Pneumologie 2015; 69 - A12
DOI: 10.1055/s-0035-1548642

The effect of IL-17A deficiency on infection and inflammation is strain dependent in acute murine pneumonia

B Wonnenberg 1, M Voss 1, A Honecker 1, M Bischoff 3, C Meier 2, T Tschernig 2, R Bals 1, C Beisswenger 1
  • 1Department of Internal Medicine V – Pulmonology, Allergology and Respiratory Critical Care Medicine, Saarland University, Homburg
  • 2Institute of Anatomy and Cell Biology, Saarland University, Homburg
  • 3Institute of Medical Microbiology and Hygiene, Saarland University, Homburg

Background: Bacterial pneumonia is worldwide a leading cause of mortality. Acute and chronic inflammations leading to destruction of lung tissue, impaired pulmonary gas exchange, and lung edema are characteristic hallmarks of severe pneumonia.
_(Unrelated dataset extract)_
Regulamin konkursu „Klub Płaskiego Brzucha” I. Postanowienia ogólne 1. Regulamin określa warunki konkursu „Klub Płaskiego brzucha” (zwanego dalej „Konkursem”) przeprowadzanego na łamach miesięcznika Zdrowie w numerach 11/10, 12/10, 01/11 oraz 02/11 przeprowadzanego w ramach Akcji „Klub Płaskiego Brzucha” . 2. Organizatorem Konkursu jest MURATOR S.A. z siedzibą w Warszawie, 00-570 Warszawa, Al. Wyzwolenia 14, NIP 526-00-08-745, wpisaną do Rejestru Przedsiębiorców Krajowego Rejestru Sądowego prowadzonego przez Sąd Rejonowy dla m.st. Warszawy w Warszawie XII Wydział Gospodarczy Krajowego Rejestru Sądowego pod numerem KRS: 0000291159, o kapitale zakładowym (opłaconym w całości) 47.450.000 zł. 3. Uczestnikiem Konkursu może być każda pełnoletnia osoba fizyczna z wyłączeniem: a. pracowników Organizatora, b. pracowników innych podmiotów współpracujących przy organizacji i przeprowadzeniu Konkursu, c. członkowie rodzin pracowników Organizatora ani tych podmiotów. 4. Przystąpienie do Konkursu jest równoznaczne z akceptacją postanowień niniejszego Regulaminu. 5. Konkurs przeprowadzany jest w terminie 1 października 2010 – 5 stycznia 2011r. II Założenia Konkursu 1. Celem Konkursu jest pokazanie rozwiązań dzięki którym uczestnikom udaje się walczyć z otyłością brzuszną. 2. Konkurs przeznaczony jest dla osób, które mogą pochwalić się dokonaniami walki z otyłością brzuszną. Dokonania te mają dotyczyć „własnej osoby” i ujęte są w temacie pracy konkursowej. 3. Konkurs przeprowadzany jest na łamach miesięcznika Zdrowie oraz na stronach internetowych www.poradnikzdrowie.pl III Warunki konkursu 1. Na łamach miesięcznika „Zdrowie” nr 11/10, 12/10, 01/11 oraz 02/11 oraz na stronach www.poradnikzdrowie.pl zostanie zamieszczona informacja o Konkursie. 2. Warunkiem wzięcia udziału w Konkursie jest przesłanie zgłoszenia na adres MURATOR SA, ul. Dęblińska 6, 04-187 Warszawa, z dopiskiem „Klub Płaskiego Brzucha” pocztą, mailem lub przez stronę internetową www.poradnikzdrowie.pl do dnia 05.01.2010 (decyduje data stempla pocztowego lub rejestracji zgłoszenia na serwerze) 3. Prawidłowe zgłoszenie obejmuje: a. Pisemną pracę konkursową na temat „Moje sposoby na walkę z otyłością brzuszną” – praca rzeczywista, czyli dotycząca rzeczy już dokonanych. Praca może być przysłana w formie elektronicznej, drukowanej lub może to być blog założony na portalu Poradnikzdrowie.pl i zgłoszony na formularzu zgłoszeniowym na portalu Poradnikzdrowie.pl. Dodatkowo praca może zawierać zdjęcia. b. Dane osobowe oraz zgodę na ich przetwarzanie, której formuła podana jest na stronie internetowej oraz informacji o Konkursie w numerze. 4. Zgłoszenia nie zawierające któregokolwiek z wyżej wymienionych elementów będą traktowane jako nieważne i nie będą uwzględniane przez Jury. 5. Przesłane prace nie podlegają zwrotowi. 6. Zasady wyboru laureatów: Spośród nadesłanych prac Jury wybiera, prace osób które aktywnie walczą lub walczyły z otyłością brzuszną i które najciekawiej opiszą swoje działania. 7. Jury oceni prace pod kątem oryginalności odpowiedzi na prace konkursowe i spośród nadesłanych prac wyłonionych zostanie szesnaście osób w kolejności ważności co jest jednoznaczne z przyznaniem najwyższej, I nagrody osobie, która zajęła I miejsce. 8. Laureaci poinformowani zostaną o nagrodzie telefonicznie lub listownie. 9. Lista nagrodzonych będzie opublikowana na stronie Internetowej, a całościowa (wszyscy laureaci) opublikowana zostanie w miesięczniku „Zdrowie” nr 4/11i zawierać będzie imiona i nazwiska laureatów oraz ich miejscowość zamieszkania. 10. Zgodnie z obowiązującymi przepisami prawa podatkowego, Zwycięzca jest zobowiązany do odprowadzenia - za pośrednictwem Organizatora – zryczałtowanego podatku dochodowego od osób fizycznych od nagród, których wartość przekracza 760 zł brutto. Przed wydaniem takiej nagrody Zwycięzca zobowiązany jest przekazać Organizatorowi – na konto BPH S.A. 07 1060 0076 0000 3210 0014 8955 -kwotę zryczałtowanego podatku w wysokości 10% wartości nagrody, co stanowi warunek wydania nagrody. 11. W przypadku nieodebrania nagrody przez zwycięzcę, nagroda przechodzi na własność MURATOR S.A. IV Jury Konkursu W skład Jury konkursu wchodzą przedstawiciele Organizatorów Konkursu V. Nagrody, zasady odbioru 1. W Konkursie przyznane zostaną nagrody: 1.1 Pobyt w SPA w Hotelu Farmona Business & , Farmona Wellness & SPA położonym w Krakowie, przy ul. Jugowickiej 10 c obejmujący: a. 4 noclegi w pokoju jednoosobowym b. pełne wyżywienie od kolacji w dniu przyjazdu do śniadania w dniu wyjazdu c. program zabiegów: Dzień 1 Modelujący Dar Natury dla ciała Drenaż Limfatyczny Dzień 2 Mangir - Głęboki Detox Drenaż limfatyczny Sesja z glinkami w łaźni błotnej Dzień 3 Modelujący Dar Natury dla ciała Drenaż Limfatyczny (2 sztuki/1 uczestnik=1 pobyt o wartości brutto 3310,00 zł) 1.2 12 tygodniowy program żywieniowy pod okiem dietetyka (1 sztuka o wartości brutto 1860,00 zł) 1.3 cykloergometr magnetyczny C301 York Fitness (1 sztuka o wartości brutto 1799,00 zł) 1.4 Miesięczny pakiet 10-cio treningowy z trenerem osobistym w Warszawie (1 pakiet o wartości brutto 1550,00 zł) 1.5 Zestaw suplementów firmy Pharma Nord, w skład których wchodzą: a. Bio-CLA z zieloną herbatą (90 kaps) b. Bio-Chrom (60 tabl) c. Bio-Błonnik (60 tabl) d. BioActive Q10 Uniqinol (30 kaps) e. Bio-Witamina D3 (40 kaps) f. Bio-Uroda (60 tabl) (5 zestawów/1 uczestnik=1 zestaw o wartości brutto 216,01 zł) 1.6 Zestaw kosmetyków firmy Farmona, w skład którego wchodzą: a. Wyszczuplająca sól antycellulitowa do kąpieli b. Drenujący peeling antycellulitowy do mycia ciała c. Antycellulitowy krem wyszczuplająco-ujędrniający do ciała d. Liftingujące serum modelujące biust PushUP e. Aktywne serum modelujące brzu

IL-17A has a function in the host defense against a variety of bacterial and fungal pathogens. It was the aim of this study to examine the role of IL-17A during acute murine pneumonia.
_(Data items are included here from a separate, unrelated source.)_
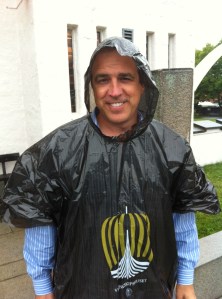 After twenty minutes, Chris approached a cab who stopped, and the driver explained he was picking up someone else. “Would you please call one of your partners for us?” Chris asked as rain poured from his poncho onto his face.  The man agreed, and we went back to obediently waiting under the promising sign.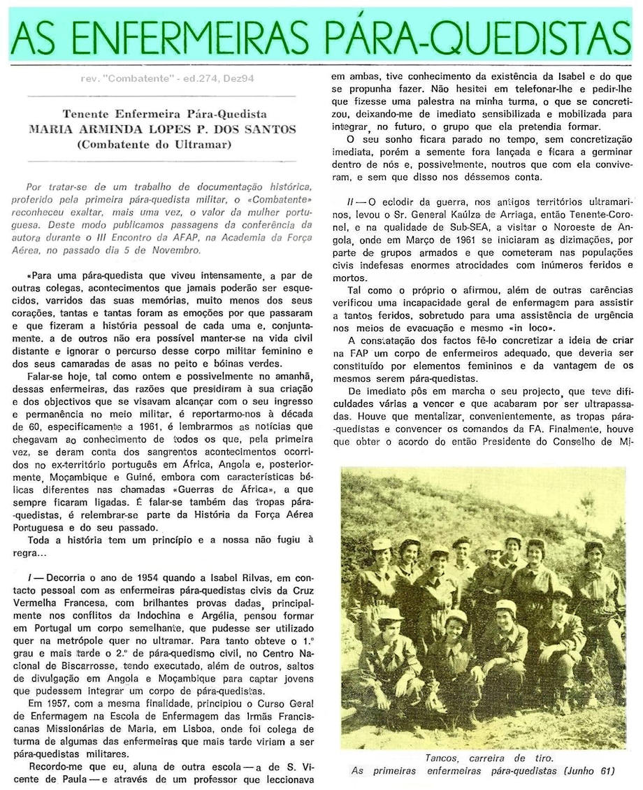 Pára-Quedista Maria Arminda Lopes Pereira dos Santos,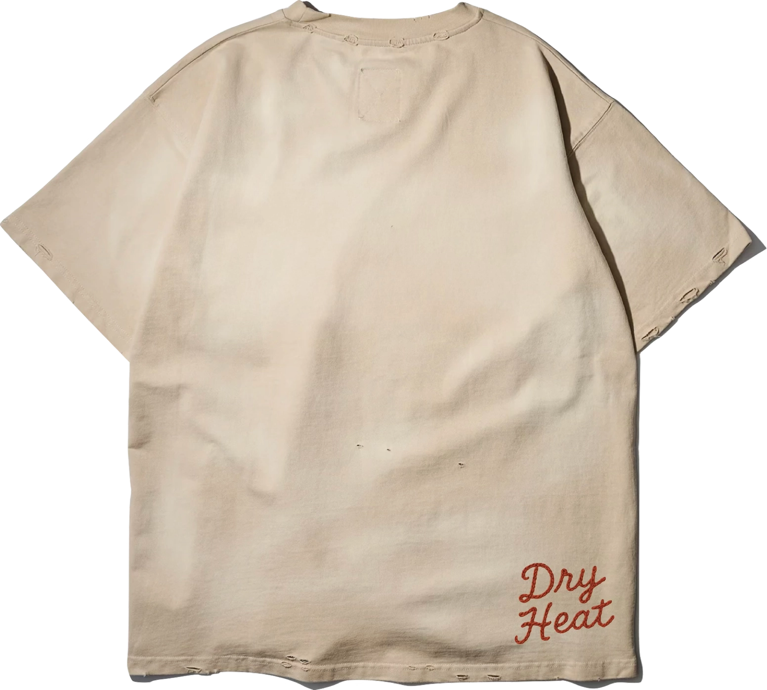 The garment itself follows the lineage of vintage American tees — the kind you find in old trunks or thrift stores in desert towns, softened by decades of sun. Made from 100% combed cotton in a feather-light 130gsm, it’s built for heat, wind, and movement. Single-stitch hems recreate the construction of 70s and 80s premium blanks, when garments were made slowly, carefully, and with materials chosen for longevity rather than cost. The Sun-Fade wash ages the tee just enough to feel familiar from the first wear.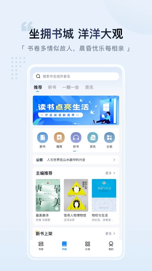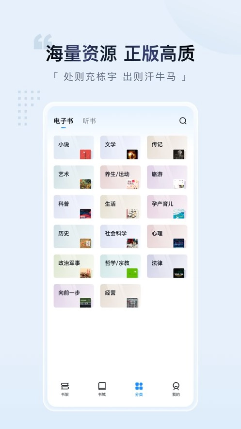 【海量高品质资源】涵盖小说、文学、励志、经管、社科、历史、生活、童书、教育、科技、艺术和外文原版书等各大品类及党政、军队、农家书屋、企业经管等各行业特色资源数十万种,均为知名出版社资源。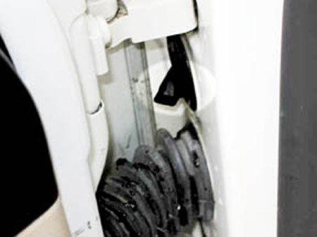 图2 A柱上的排水口 2.当天窗出现运动缓慢或无法向某方向运动时,首先应排查机械方面的原因,例如是否因为滑轨积尘过多导致电机工作阻力过大,必要时应对电机进行初始化操作。应避免长时间按压操纵开关而导致电机过热。 |

Methods: C57BL/6 mice and C57BL/6 mice deficient for IL-17A were intranasally infected with Pseudomonas aeruginosa and Streptococcus pneumoniae for 48 hours. Survival rates and bacterial clearance from the lungs were determined. Alveolar cells were determined in bronchoalveolar lavage fluids. Measurements of cytokines in the lungs and plasma were performed.
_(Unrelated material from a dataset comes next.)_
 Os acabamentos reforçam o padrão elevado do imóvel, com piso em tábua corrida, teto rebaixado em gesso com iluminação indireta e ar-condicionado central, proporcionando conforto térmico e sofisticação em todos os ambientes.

Results: Bacterial clearance and survival were significantly increased in mice deficient for IL-17A infected with P. aeruginosa compared to corresponding WT mice. Numbers of total immune cells and concentrations of the inflammatory mediator KC were reduced in lungs of IL-17A deficient mice infected P. aeruginosa. Concentrations of KC were reduced in plasma of of IL-17A deficient mice infected P. aeruginosa. Bacterial clearance from the lungs was decreased in IL-17A deficient mice infected with S. pneumoniae.

Conclusions: These data show that the impact of IL-17A deficiency on bacterial clearance and pulmonary inflammation depends on the infecting bacterial strain in acute murine pneumonia.